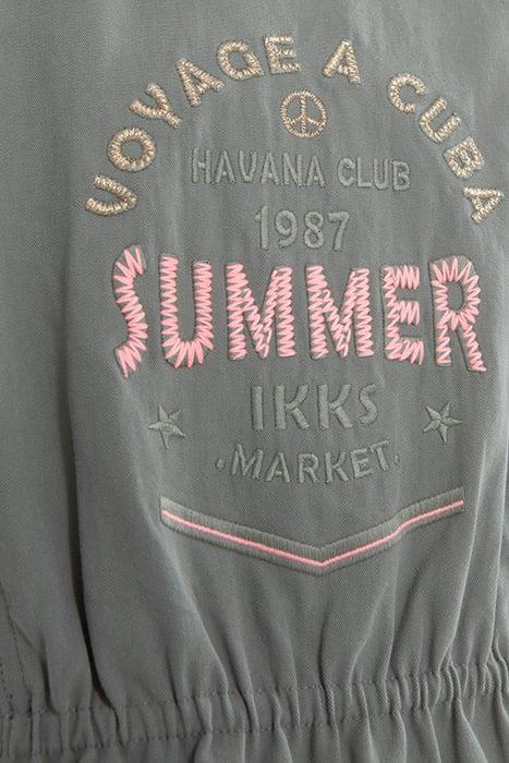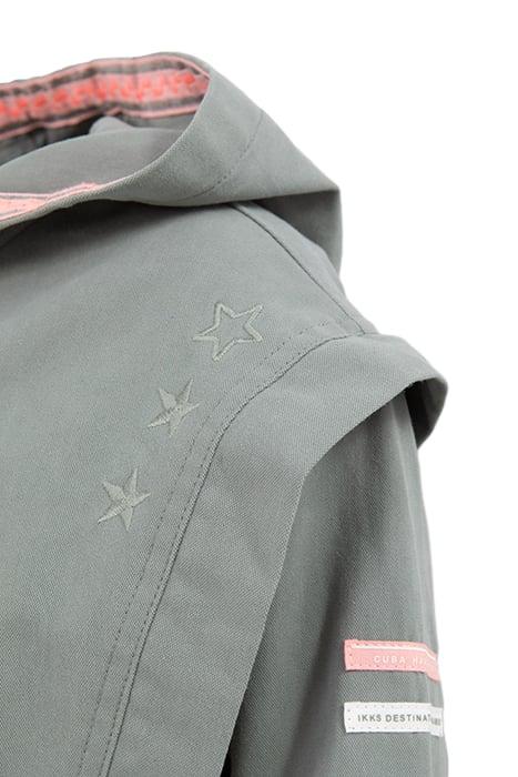 GIRLS' KHAKI ORGANIC COTTON PARKA, EMBROIDERED SLOGAN BACK
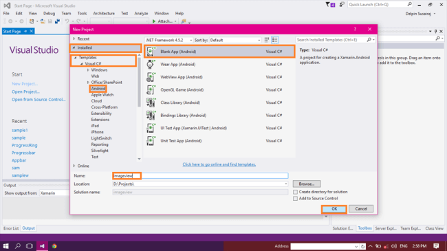 Step 2 - After opening the new project, select Installed --> Templates--> Visual C# --> Android--> choose Blank App (Android).
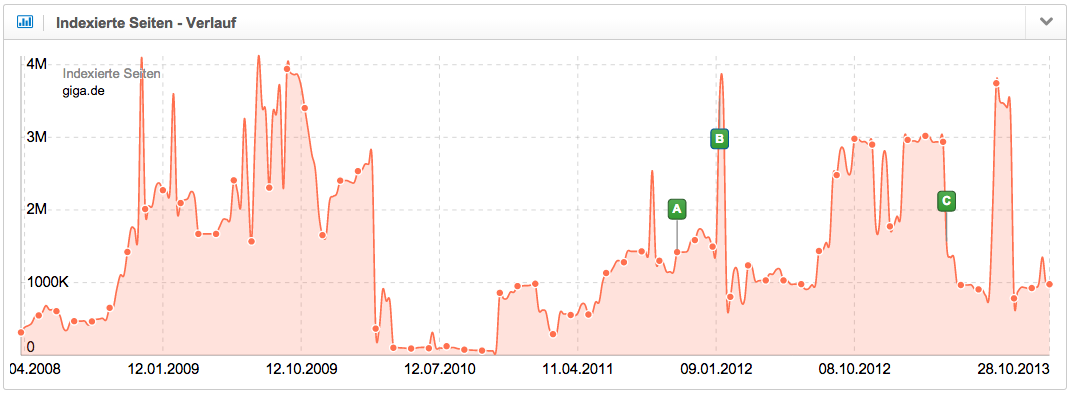 Seit dem Relaunch im April 2013 hat giga.de die Anzahl indexierter Seiten von rund 3 Mio. auf unter 1 Mio. heruntergefahren. Ein zwischenzeitlicher Anstieg der Anzahl indexierter Seiten im Zeitraum Juli bis August 2013 brachte den steilen Aufwärtstrend prompt ins Stottern. Erst als die Anzahl Seiten wieder unter 1 Mio. gesunken war, setzte der Aufwärtstrend wieder ein.

**WORK TO BE COMPLETED**: Print all the material above exactly, and drop the images.

**WORKED SOLUTION**:
 GIRLS' KHAKI ORGANIC COTTON PARKA, EMBROIDERED SLOGAN BACK
 Step 2 - After opening the new project, select Installed --> Templates--> Visual C# --> Android--> choose Blank App (Android).
 Seit dem Relaunch im April 2013 hat giga.de die Anzahl indexierter Seiten von rund 3 Mio. auf unter 1 Mio. heruntergefahren. Ein zwischenzeitlicher Anstieg der Anzahl indexierter Seiten im Zeitraum Juli bis August 2013 brachte den steilen Aufwärtstrend prompt ins Stottern. Erst als die Anzahl Seiten wieder unter 1 Mio. gesunken war, setzte der Aufwärtstrend wieder ein.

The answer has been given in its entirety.